Segment Start: Available data
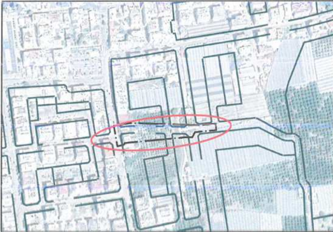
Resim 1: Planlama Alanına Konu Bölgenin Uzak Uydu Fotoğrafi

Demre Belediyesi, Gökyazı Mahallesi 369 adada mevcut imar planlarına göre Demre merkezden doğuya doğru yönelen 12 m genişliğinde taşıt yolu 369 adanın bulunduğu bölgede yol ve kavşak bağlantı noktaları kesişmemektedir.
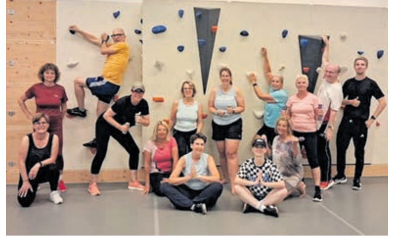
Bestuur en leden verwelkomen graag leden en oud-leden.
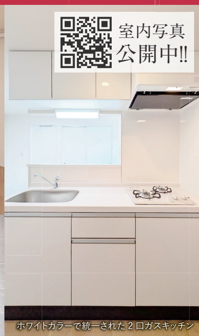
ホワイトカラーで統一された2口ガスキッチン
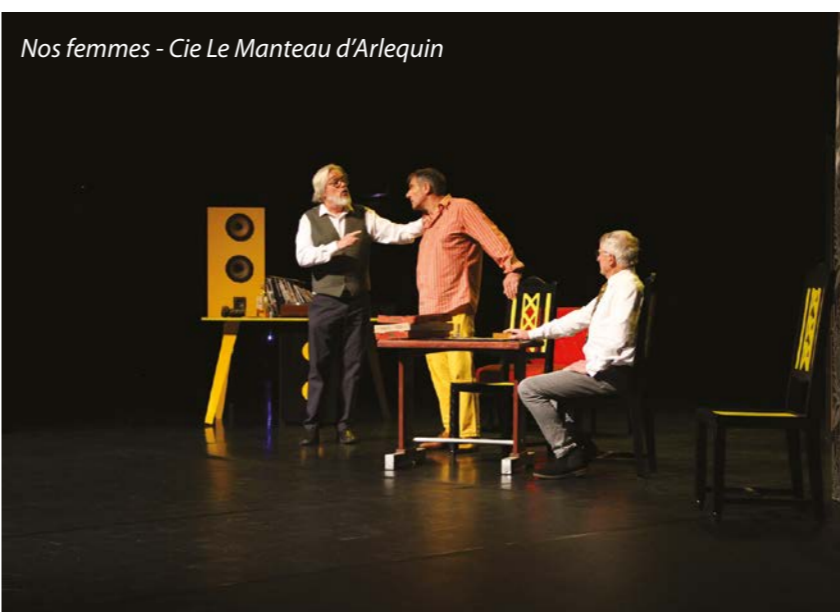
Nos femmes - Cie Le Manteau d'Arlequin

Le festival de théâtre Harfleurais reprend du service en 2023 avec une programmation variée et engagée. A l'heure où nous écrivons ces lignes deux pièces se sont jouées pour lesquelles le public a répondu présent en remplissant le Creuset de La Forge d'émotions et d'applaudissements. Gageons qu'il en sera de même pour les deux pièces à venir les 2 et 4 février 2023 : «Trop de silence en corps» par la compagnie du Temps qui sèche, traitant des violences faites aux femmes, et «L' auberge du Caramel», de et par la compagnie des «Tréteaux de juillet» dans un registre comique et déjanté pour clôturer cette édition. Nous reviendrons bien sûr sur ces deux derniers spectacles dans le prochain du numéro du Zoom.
Segment End: Available data
Segment Start: Available data
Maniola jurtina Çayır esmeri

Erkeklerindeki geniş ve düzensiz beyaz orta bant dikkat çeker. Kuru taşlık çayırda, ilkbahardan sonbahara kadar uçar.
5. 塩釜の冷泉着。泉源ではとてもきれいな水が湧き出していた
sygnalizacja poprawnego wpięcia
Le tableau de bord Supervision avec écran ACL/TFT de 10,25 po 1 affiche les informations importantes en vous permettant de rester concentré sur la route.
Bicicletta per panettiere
Segment End: Available data
• _Exercise goal_: Nothing but the lines above, starting at the line that contains "Resim 1: Planlama" and ending at the line that contains "Le festival de", should be given again, exactly and without the pictures.

• _Output of the exercise_:
Resim 1: Planlama Alanına Konu Bölgenin Uzak Uydu Fotoğrafi

Demre Belediyesi, Gökyazı Mahallesi 369 adada mevcut imar planlarına göre Demre merkezden doğuya doğru yönelen 12 m genişliğinde taşıt yolu 369 adanın bulunduğu bölgede yol ve kavşak bağlantı noktaları kesişmemektedir.
Bestuur en leden verwelkomen graag leden en oud-leden.
ホワイトカラーで統一された2口ガスキッチン
Nos femmes - Cie Le Manteau d'Arlequin

Le festival de théâtre Harfleurais reprend du service en 2023 avec une programmation variée et engagée. A l'heure où nous écrivons ces lignes deux pièces se sont jouées pour lesquelles le public a répondu présent en remplissant le Creuset de La Forge d'émotions et d'applaudissements. Gageons qu'il en sera de même pour les deux pièces à venir les 2 et 4 février 2023 : «Trop de silence en corps» par la compagnie du Temps qui sèche, traitant des violences faites aux femmes, et «L' auberge du Caramel», de et par la compagnie des «Tréteaux de juillet» dans un registre comique et déjanté pour clôturer cette édition. Nous reviendrons bien sûr sur ces deux derniers spectacles dans le prochain du numéro du Zoom.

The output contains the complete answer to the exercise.